── Data extract

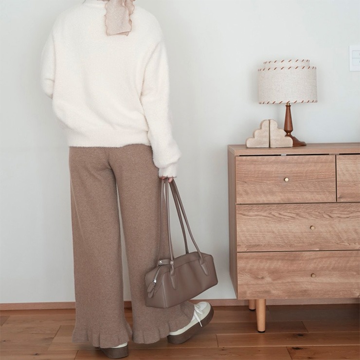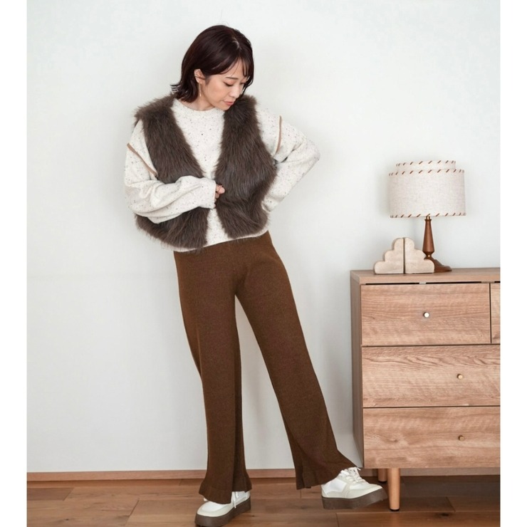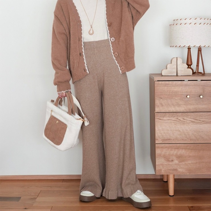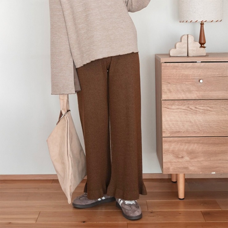 柔らかく着心地の良いもっちりとしたニットを使用したリブニットパンツ。
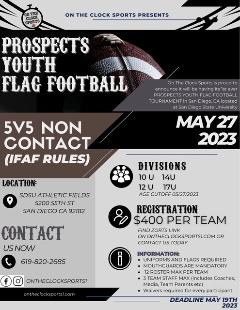 On The Clock Sports is proud to announce it will be having its 1st ever PROSPECTS YOUTH FLAG FOOTBALL TOURNAMENT in San Diego, CA located at San Diego State University. We will be offering several divisions beginning at 10U, 12U, 14U and a 17U division for the High School athletes (Must not turn 18 on or before 5/27/23).
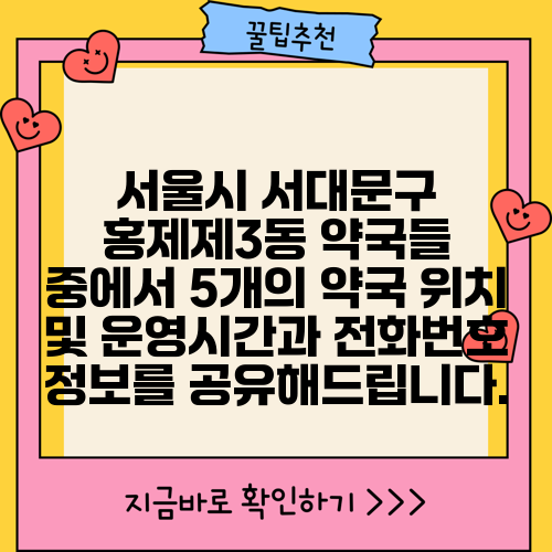 서울시 서대문구 홍제제3동 약국들 중에서 5개의 약국 위치 및 운영시간과 전화번호 정보를 공유해드립니다.

────

**What to do**. Only the lines from the line containing "On The Clock" through the end of the material should be retyped, exactly and in full, with no pictures.

**Output for this task**.
 On The Clock Sports is proud to announce it will be having its 1st ever PROSPECTS YOUTH FLAG FOOTBALL TOURNAMENT in San Diego, CA located at San Diego State University. We will be offering several divisions beginning at 10U, 12U, 14U and a 17U division for the High School athletes (Must not turn 18 on or before 5/27/23).
 서울시 서대문구 홍제제3동 약국들 중에서 5개의 약국 위치 및 운영시간과 전화번호 정보를 공유해드립니다.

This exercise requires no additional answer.